About this exercise
Repeat the data that follows, word for word, without the images.

Collected data
"""
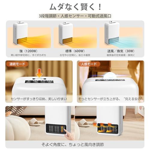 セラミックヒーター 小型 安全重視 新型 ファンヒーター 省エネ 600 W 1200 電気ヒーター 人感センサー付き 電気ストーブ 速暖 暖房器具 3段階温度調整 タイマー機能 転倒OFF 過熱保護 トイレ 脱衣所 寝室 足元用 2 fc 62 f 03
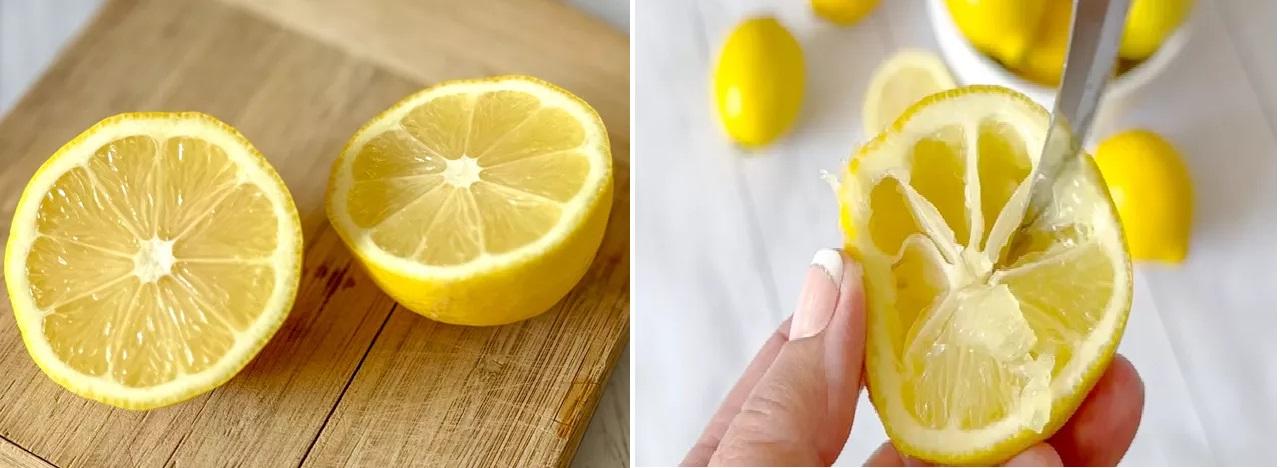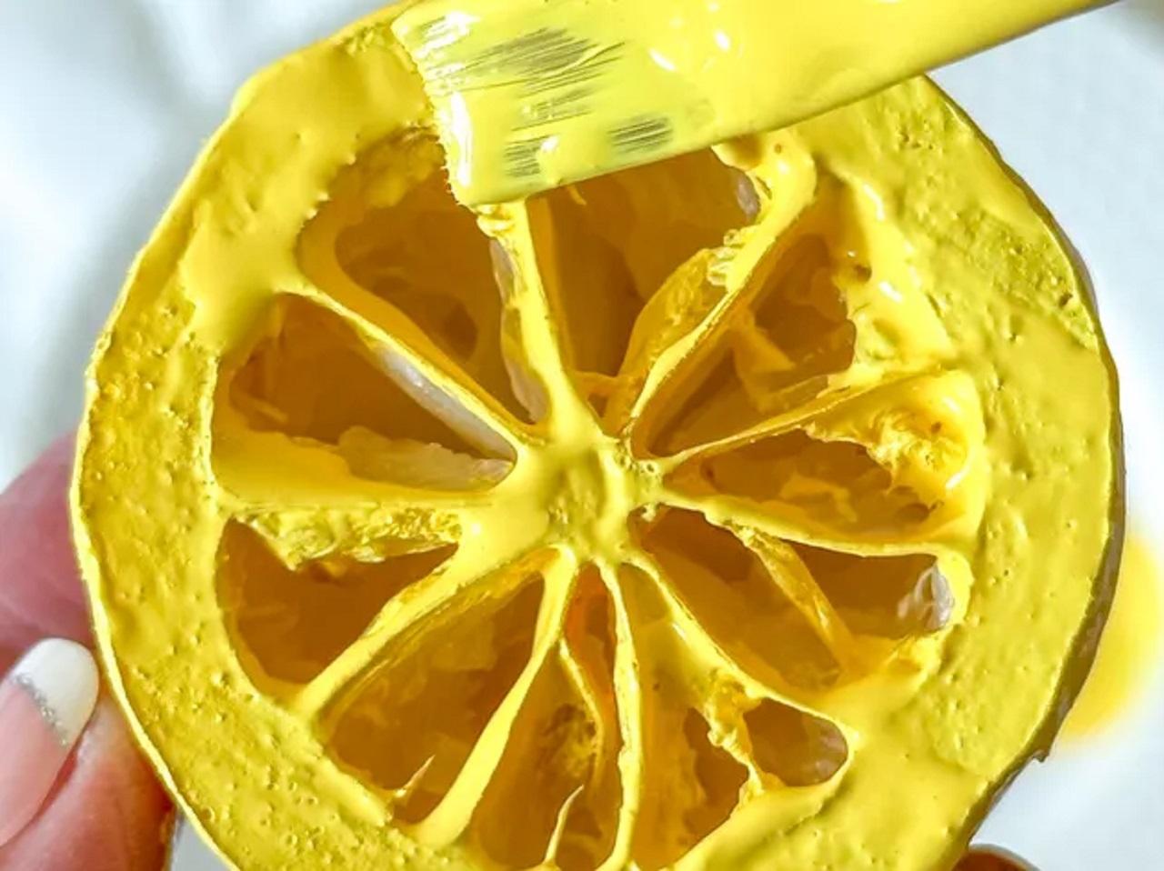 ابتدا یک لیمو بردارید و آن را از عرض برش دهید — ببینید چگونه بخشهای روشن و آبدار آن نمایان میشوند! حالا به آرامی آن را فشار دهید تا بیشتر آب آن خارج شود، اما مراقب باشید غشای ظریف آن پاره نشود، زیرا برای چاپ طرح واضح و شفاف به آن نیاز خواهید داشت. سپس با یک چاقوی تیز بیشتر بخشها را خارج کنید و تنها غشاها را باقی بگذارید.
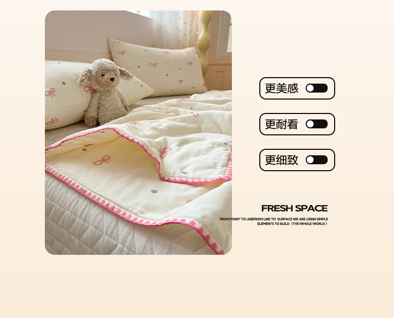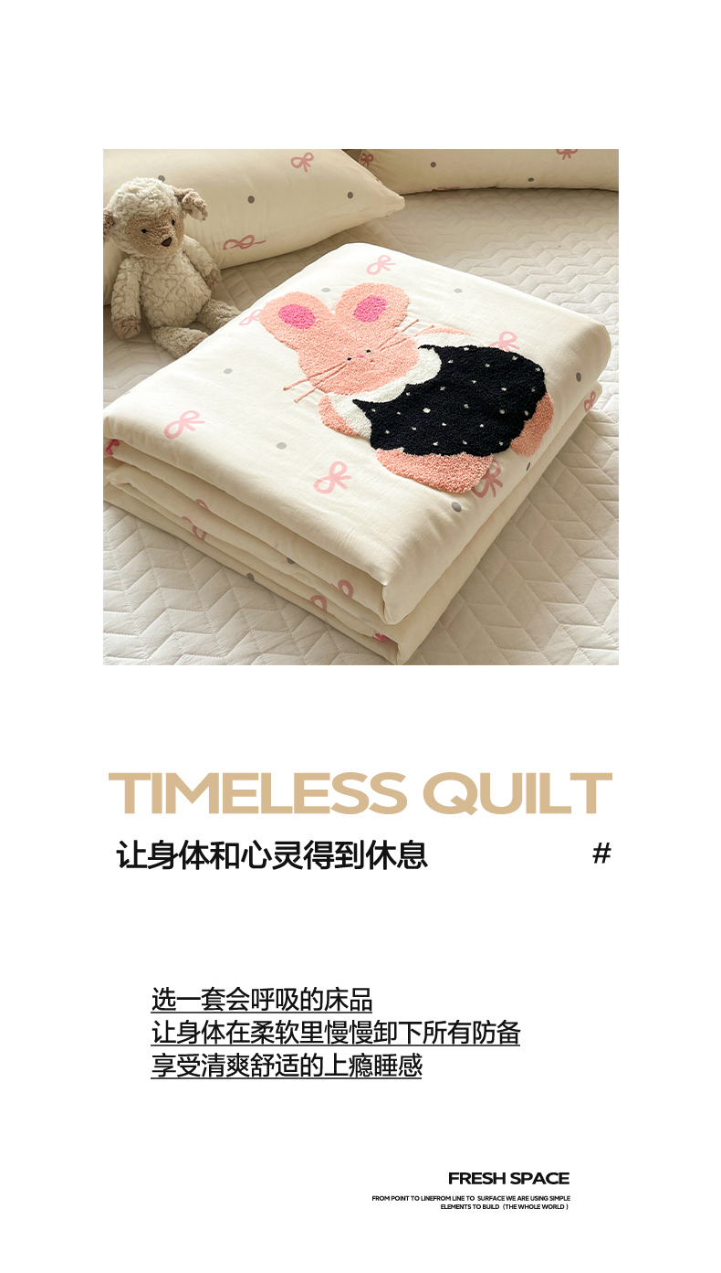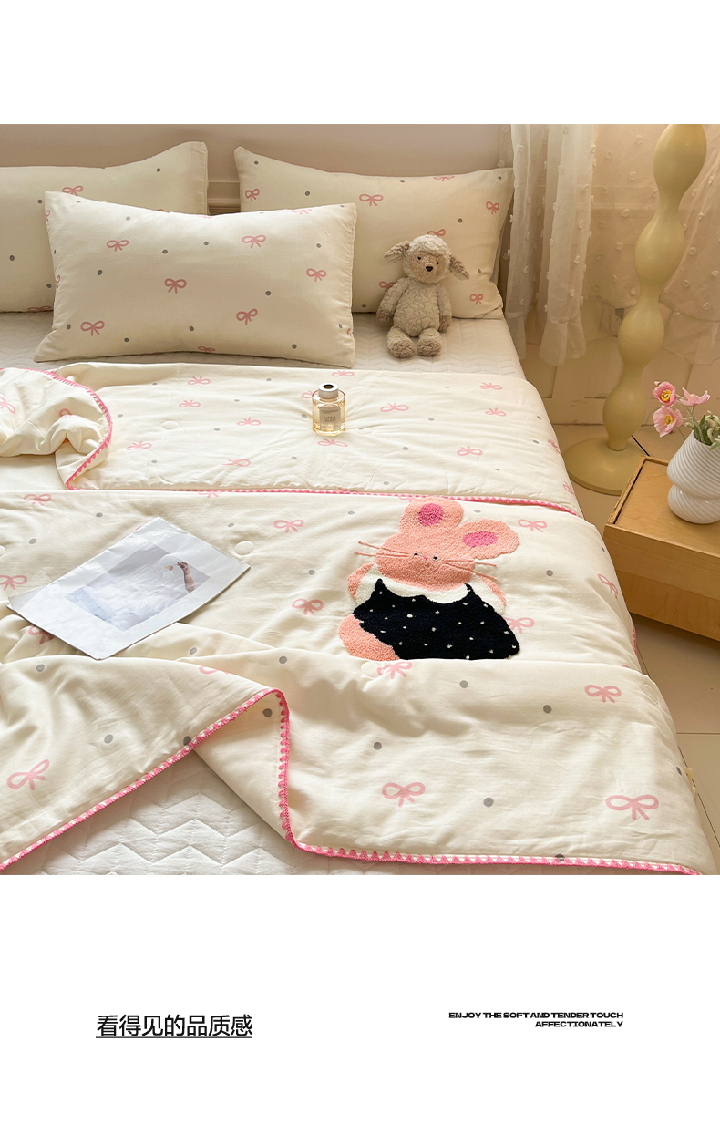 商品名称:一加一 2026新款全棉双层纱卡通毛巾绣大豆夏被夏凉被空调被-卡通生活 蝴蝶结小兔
"""
Result of this exercise
 セラミックヒーター 小型 安全重視 新型 ファンヒーター 省エネ 600 W 1200 電気ヒーター 人感センサー付き 電気ストーブ 速暖 暖房器具 3段階温度調整 タイマー機能 転倒OFF 過熱保護 トイレ 脱衣所 寝室 足元用 2 fc 62 f 03
 ابتدا یک لیمو بردارید و آن را از عرض برش دهید — ببینید چگونه بخشهای روشن و آبدار آن نمایان میشوند! حالا به آرامی آن را فشار دهید تا بیشتر آب آن خارج شود، اما مراقب باشید غشای ظریف آن پاره نشود، زیرا برای چاپ طرح واضح و شفاف به آن نیاز خواهید داشت. سپس با یک چاقوی تیز بیشتر بخشها را خارج کنید و تنها غشاها را باقی بگذارید.
 商品名称:一加一 2026新款全棉双层纱卡通毛巾绣大豆夏被夏凉被空调被-卡通生活 蝴蝶结小兔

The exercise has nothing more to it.